How do you work out this Quadratic:: (x+3)(x-4)=18?

x² - x - 12 = 18
x² - x - 30 = 0
( x - 6 ) ( x + 5 ) = 0
x = 6 , x = - 5

(x + 3)(x - 4) = 18
x^2 + 3x - 4x - 12 = 18
x^2 - x - 12 - 18 = 0
x^2 - x - 30 = 0
(x - 6)(x + 5) = 0

x - 6 = 0
x = 6

x + 5 = 0
x = -5

∴ x = 6 , -5

(x+3)(x-4)=18
x^2+3x-4x-12=18
x^2-x-30=0
(x-6)(x+5)=0
x=6 or x=-5

hope that helped

you did ask how.

multiply out the left side. Move the 18 to the left and set equation =0. Combine terms. Use quadratic equation to solve.

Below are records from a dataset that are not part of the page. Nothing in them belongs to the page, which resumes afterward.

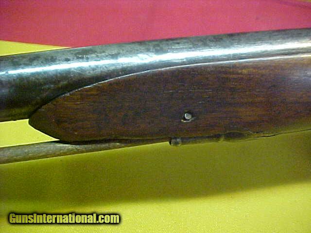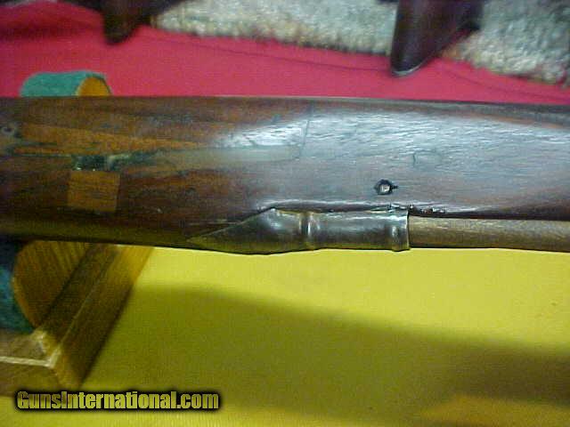 Description: #1498 Germanic 1850-1860s era rifled percussion musket conversion to trade fowler or “buck-n-ball” gun. Looks like a Postdam style military longarm that was later converted for a cheap frontier weapon, as it has a 36” rifled barrel with the wide lands common in that period, although with a barrel about the thickness of a modern-day shotgun, it would seemingly be rather dangerous to be used with a solid projectile …plus the recoil on such a light barrel would be horrendous! The bore, while having scattered light pitting the full length, does still have pretty decent rifling and the action seems solid and tight. The exterior has an even brownish-grey patina on good metal; the wood has several well-done repairs but looks to be very solid and serviceable. After the blessings of a competent black-powder gunsmith, this should be a good fowling piece for those into the “Rendesvous Reinacting” as well as a GREAT wall-hanger in someones Man-Cave or cabin fireplace mantle, especially when teamed with an antique leather shot pouch and steer horn flask. About “VG” as described. $295 SOLD Antique: Yes |
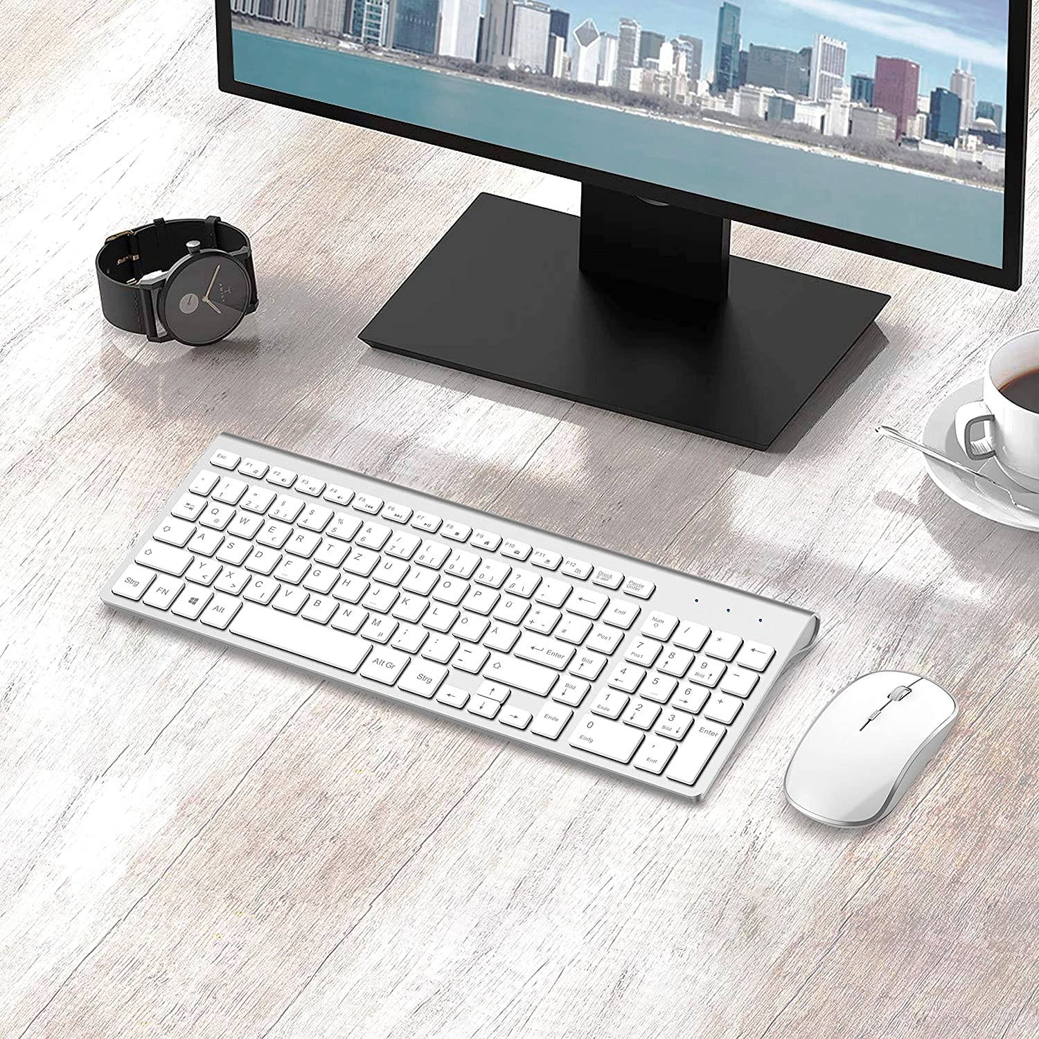 - Современный белый дизайн - беспроводная клавиатура оснащена роскошной поверхностью серебра и высококачественным ABS внутри беспроводной мыши. Беспроводная мышь имеет жемчужную белую, а также имеет гладкую поверхность с тонким серебряным краем. Идеальный набор, который сочетает в себе как красоту, так и современность.
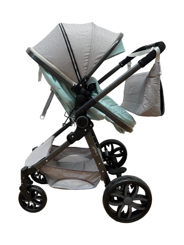 - Include compartiment de depozitare pentru a putea transporta ușor și organizat diferite obiecte necesare pentru copil, cum ar fi scutece, haine de schimb, jucării sau sticle cu apă,precum si o geanta.
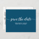 Customise this navy blue "Save the Date" wedding postcard. Announce your engagement, personalise the text with your upcoming wedding details. Congratulations!
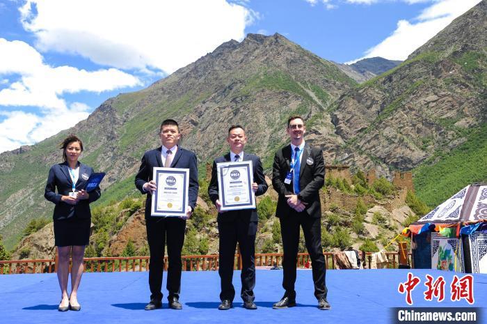 图为边坝县双项世界纪录认证现场。贡嘎来松 摄

First, multiply back to polynomial form:

x^2 -x -12 = 18

Then, subtract both sides by 18, so that you leave zero on the right side of the equal sign:

x^2 - x -30 = 0

Now, factor once again (reverse foil):

(x + 5)(x - 6) = 0

To satisfy :

x = -5 or x = 6

Plug back in to original equation to see if this solution set works!

You first multiply 4 and 3 which equals 12. Then you subtract it from 18 which makes 6. Then you so you are six short. Then you put these numbers in:
(3+3)(7-4)=18 and that is the answer.